Желание написать о Марине Георгиевне возникло давно. Тогда в день рождения Льва Николаевича я пришла в его квартиру уже не в первый раз, зная, что двери будут открыты для всех желающих и после 18 часов. Предчувствие, что в этот день произойдет что-то особенное, не обмануло. Несколько человек уже сидели за большим столом, и я присоединилась к ним. Мы не были знакомы, но были не случайными гостями. Нас связывала друг с другом память о семье Гумилевых. Кого-то больше интересовал Николай Степанович, а кто-то расспрашивал об Анне Андреевне. Я же пришла ради их сына. Нужно отметить, что Марина Георгиевна знает о Гумилевых все. Ею подготовлена автобусная экскурсия «Николай Гумилев и Таганцевское дело» по местам памяти Николая Гумилева, и лучше, чем она, о Гумилевых не расскажет никто. Когда все разошлись, я сказала Марине Георгиевне, что хочу написать о ней. Она чуть заметно покраснела: «Обо мне? А что обо мне писать?»

Наша первая встреча, о которой Марина Георгиевна не может помнить, состоялась лет десять назад. Тогда я слушательницей курсов «Университет Петербурга» краеведческого центра РОО «Институт Петербурга» впервые переступила порог квартиры Льва Николаевича. Нужно сказать, что его вдова Наталия Викторовна Гумилева (урожд. Симоновская) подарила квартиру городу с целью создания в ней музея, и в 1994 году уехала в Москву. Она коренная москвичка, страдала астмой и плохо переносила наш сырой климат.

Будущие супруги познакомились, имея солидный жизненный опыт, ей было за сорок, ему — за пятьдесят. Он пережил тринадцать лет лагерей, дошел дорогами войны до Берлина. Наталия Викторовна была художником-графиком, автором иллюстраций к 28 книгам. В 1967 году она приехала к нему в Ленинград и поселилась в его маленькой комнате большой коммунальной квартиры в окраинной части города в конце Московского проспекта. Она стала для него всем и, как жены декабристов, полностью посвятила себя мужу.

Интерьер Музея-квартиры Льва Гумилева (Коломенская ул., 1/15)

В подъезд этого дома на Коломенской улице Наталия Викторовна вошла в 1990 году с ордером на осмотр квартиры одна. Лев Николаевич лежал в больнице, здоровье его было подорвано. Их дом на Б.Московской ул., 4, где у них была большая комната и одни соседи, находился рядом, стал нуждаться в срочном капительном ремонте, вызванным строительством новой станции метро. Гумилева в первую в его жизни отдельную квартиру привезли из больницы.
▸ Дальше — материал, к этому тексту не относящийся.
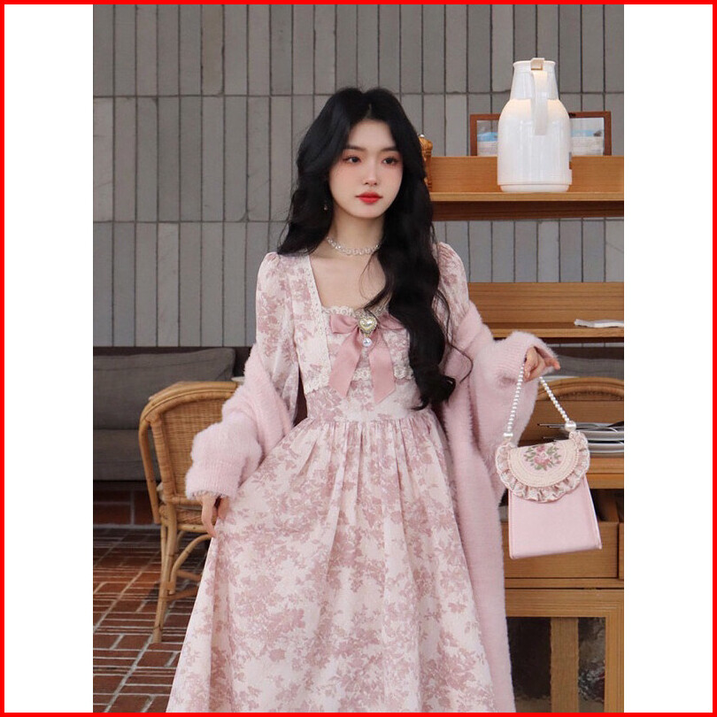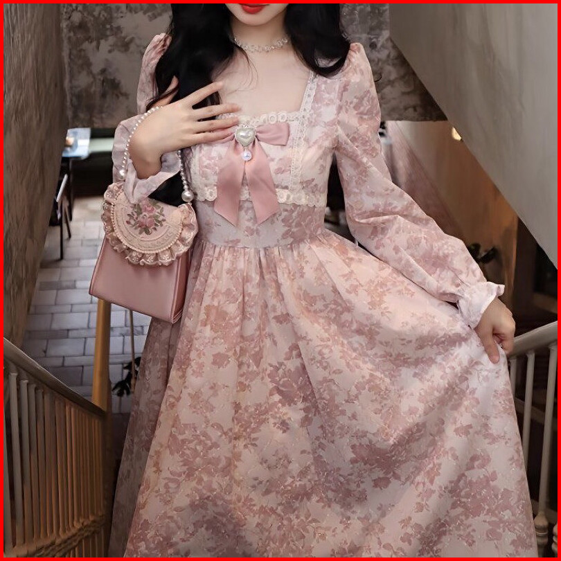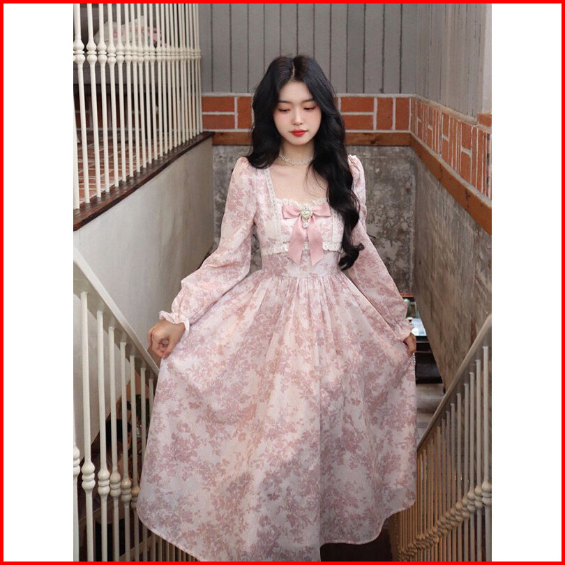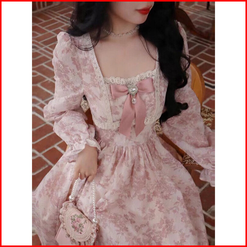 Bow Pink Long Dress For Women Spring And Autumn New Style Sweet Waist Floral Princess Long Skirt Fairy Long Dress Dress

Итак, в квартире Гумилевых нашу небольшую группу встретила Марина Георгиевна. Несмотря на то что в прихожей на вешалке висели пальто и шляпа хозяина, его самого уже давно не было. Мы прошли в большую комнату, служившую хозяевам одновременно гостиной и кабинетом, и разместились. Кто-то устроился вокруг стола и на мягком диване, кто-то на легких табуретах, приготовленных специально для посетителей, а я села в кожаное кресло, и первый раз в жизни, находясь в музее, подумала: «Вот мы и пришли в гости к Льву Николаевичу».

Обстановка была домашняя. Марина Георгиевна рассказывала о Льве Николаевиче и Наталье Викторовне (1920-2004), об их любимце дворняге по кличке Алтын. по характеру он был очень независимым псом и сам выбирал маршруты своих прогулок. Показывала она документы, рассказывала историю некоторых семейных реликвий, фотографий, делилась своими проблемами. Музей тогда существовал на общественных началах. Наталья Викторовна присылала из Москвы деньги на оплату по коммунальным счетам, а верный друг Марина Георгиевна обивала пороги учреждений, пытаясь воплотить ее мечту и официально зарегистрировать музей. Напомним, это было в середине 1990-х годов. Меня поразила сила характера это хрупкой женщины. Мы заглянули в спальню и на кухню. Внутренне убранство квартиры ничем не отличалось от наших квартир и квартир наших родителей. Скромная мебель, старинная вперемежку с советской, теперь ее уже нельзя назвать современной, дефицитные в свое время книжные полки, заставленные книгами. Обычная обстановка дома семьи научного сотрудника.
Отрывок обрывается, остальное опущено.